Typing indicators are the “User is typing…” status that appears in chat applications. Comis uses them to show users that the bot is active and working on a response.

Typing modes

Mode	When typing shows	Best for
`never`	Typing indicator is never sent	Bots that should feel invisible or automated
`instant`	Shows typing the moment a message is received	Fast bots where you want immediate feedback
`thinking` (default)	Shows typing from when the agent starts processing until the response is delivered	Most use cases — reassures users the bot is working
`message`	Shows typing while blocks are being delivered to the channel	Slow delivery pacing where each block takes time

Typing indicators are fire-and-forget. If showing the typing status fails (for example, due to a network hiccup), it never blocks or delays message delivery.

Typing lifecycle

Comis uses a dual idle signal to ensure typing indicators accurately reflect the bot’s activity.

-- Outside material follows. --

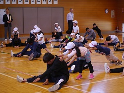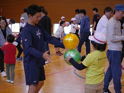 福島ファイヤーボンズの猪狩選手も子どもたちと一緒に運動しました。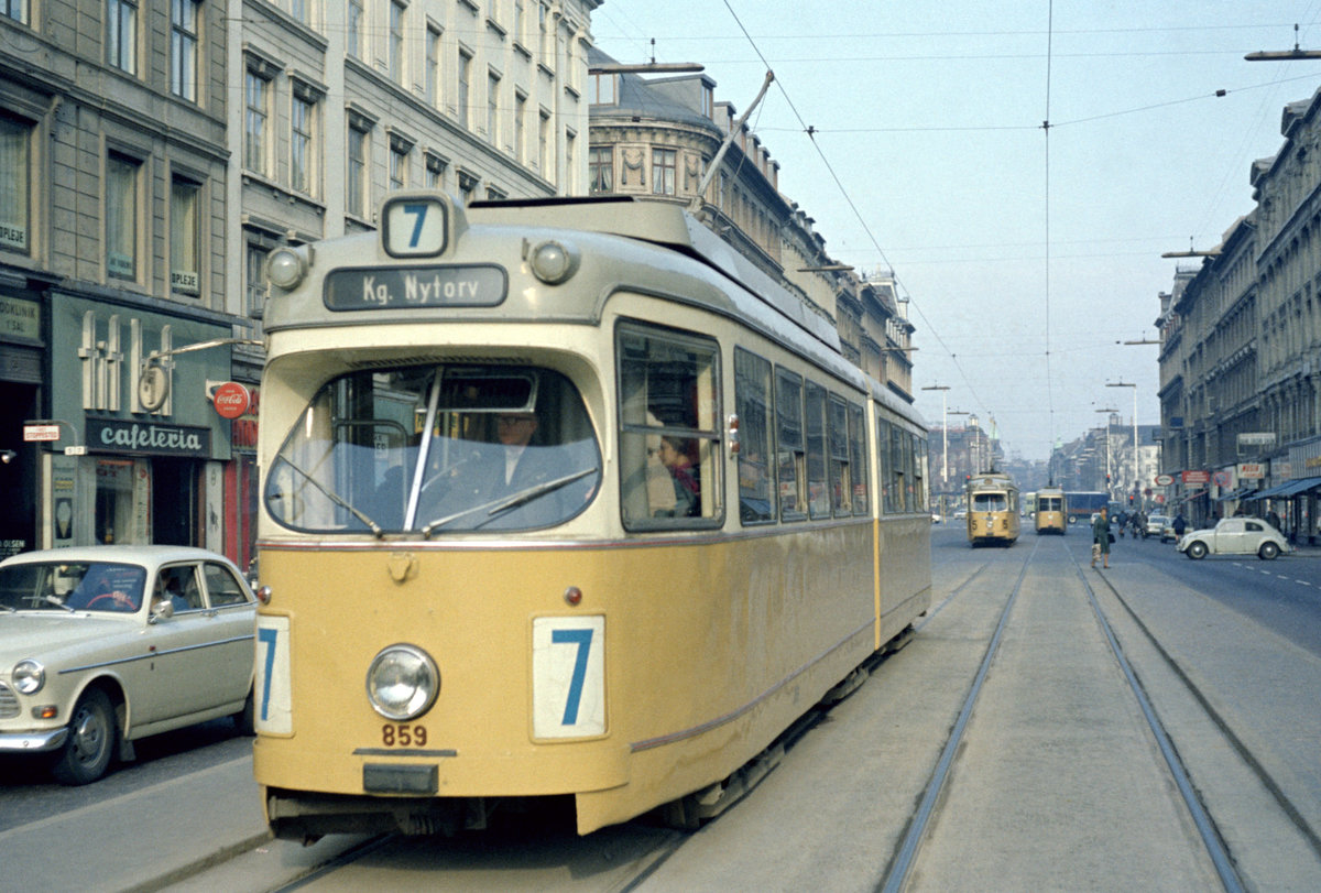 København / Kopenhagen Københavns Sporveje SL 7 (DÜWAG/Kiepe-GT6 859) København K, Frederiksborggade / Nørre Farimagsgade im April 1971. - Scan eines Farbnegativs. Film: Kodak Kodacolor X.

Rather than stopping typing as soon as the agent finishes thinking, typing persists through the entire delivery phase:

The agent finishes generating its response — a run-complete signal fires
The delivery pipeline sends all message blocks to the platform
When delivery finishes, a dispatch-idle signal fires
Typing stops only after both signals have fired

This eliminates the jarring gap where typing disappears but the message has not arrived yet. From the user’s perspective, typing shows continuously from when the bot starts working until the response appears in the chat. Grace timeout: If delivery takes too long (more than 10 seconds after the agent finishes), typing force-stops automatically. This prevents indefinite typing indicators if something goes wrong in the delivery pipeline. Content-driven refresh: During long tool executions (such as running a bash command or calling an external API), typing stays alive because each tool invocation resets the typing TTL. Without this, typing would disappear during a 30-second tool execution even though the bot is actively working.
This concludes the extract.